-- Data records --
>>>>>

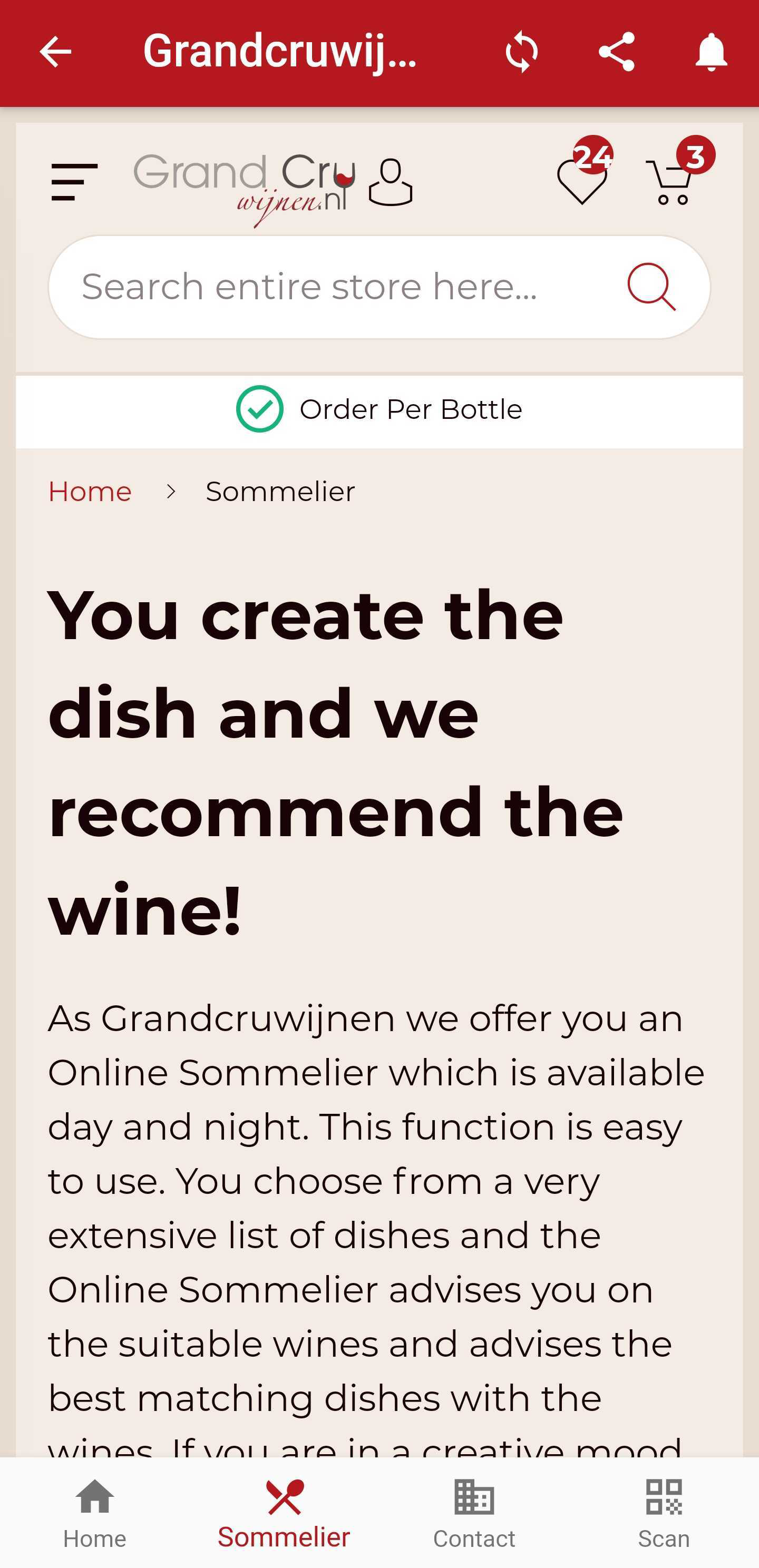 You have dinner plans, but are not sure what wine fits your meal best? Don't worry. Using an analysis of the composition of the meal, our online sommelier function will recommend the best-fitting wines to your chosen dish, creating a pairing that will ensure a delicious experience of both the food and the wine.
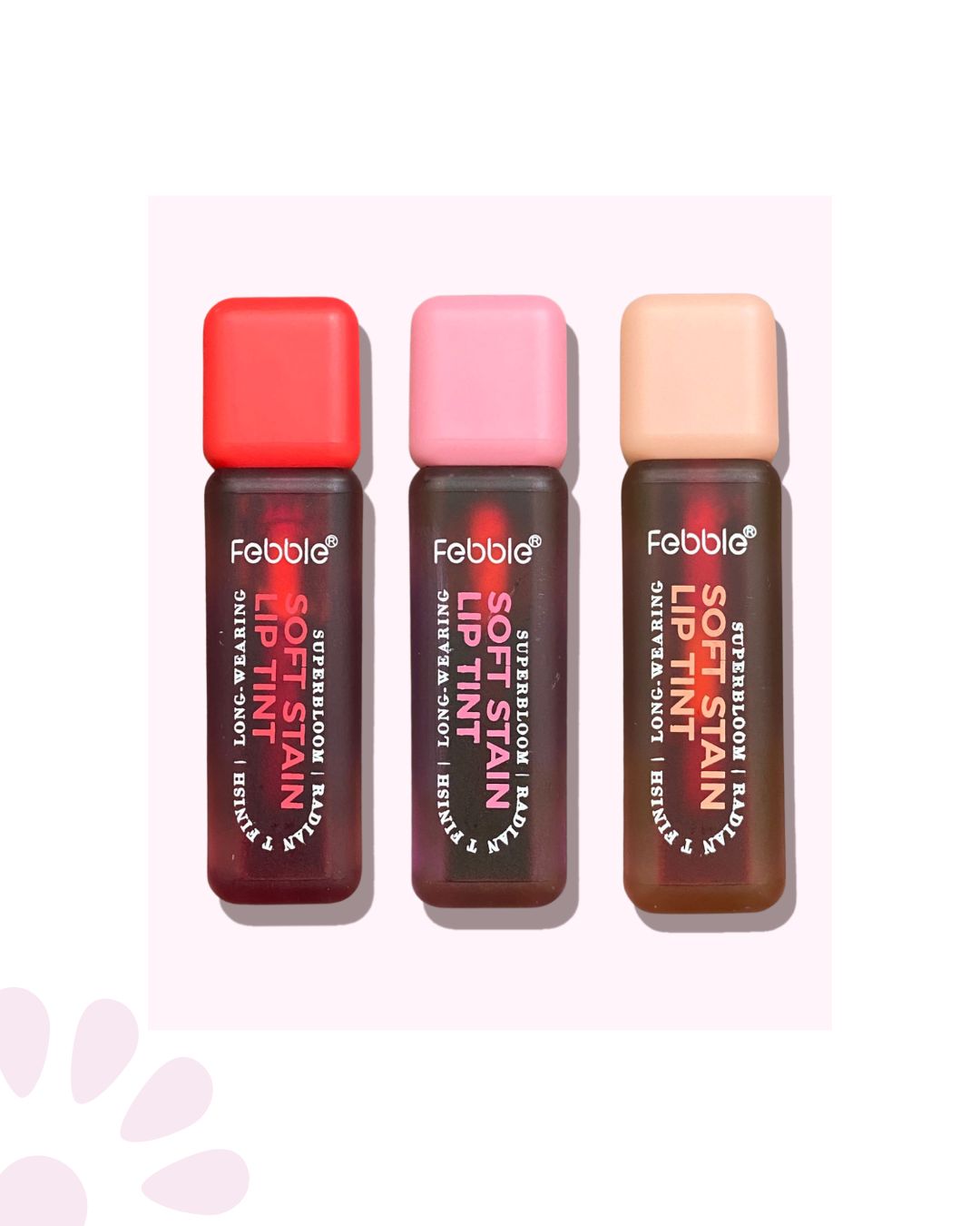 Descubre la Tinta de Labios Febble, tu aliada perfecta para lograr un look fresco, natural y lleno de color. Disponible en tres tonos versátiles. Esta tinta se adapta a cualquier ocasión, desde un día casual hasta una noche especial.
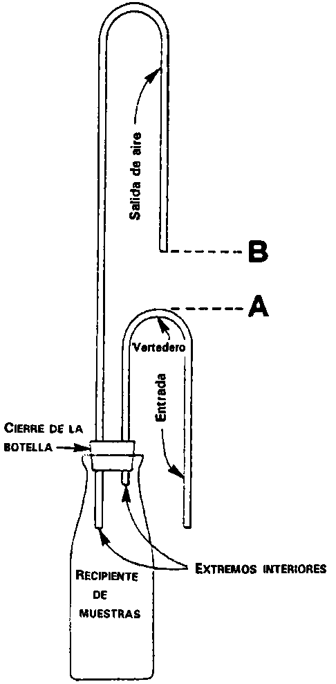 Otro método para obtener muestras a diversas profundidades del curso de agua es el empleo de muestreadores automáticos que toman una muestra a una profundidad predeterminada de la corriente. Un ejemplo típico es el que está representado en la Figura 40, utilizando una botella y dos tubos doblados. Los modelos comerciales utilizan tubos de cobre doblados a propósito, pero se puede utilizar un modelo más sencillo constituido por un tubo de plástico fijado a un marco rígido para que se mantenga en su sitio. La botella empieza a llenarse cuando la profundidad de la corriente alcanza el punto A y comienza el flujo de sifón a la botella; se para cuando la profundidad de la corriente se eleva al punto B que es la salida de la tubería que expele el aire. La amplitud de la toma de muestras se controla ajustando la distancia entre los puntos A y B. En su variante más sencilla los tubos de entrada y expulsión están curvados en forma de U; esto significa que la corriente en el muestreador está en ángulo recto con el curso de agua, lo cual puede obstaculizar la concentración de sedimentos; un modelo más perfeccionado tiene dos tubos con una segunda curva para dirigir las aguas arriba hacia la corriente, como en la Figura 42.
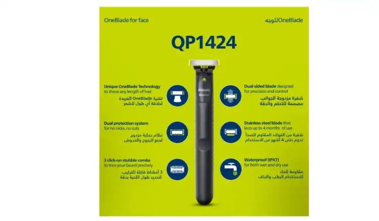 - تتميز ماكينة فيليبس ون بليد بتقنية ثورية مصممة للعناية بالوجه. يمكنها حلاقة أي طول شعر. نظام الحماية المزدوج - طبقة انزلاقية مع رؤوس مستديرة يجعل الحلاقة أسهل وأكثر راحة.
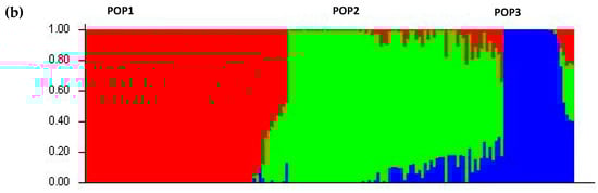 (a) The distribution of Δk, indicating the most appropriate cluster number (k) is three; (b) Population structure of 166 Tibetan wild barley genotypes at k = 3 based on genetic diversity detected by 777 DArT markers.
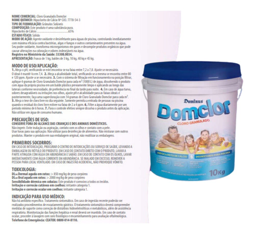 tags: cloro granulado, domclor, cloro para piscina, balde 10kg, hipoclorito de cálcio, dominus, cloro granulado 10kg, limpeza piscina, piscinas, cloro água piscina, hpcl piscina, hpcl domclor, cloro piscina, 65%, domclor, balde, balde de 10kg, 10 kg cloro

<<<<<

Every line from the one containing "- تتميز ماكينة" through the end of the entries above, both included, should be extracted exactly, with pictures left out.

 - تتميز ماكينة فيليبس ون بليد بتقنية ثورية مصممة للعناية بالوجه. يمكنها حلاقة أي طول شعر. نظام الحماية المزدوج - طبقة انزلاقية مع رؤوس مستديرة يجعل الحلاقة أسهل وأكثر راحة.
 (a) The distribution of Δk, indicating the most appropriate cluster number (k) is three; (b) Population structure of 166 Tibetan wild barley genotypes at k = 3 based on genetic diversity detected by 777 DArT markers.
 tags: cloro granulado, domclor, cloro para piscina, balde 10kg, hipoclorito de cálcio, dominus, cloro granulado 10kg, limpeza piscina, piscinas, cloro água piscina, hpcl piscina, hpcl domclor, cloro piscina, 65%, domclor, balde, balde de 10kg, 10 kg cloro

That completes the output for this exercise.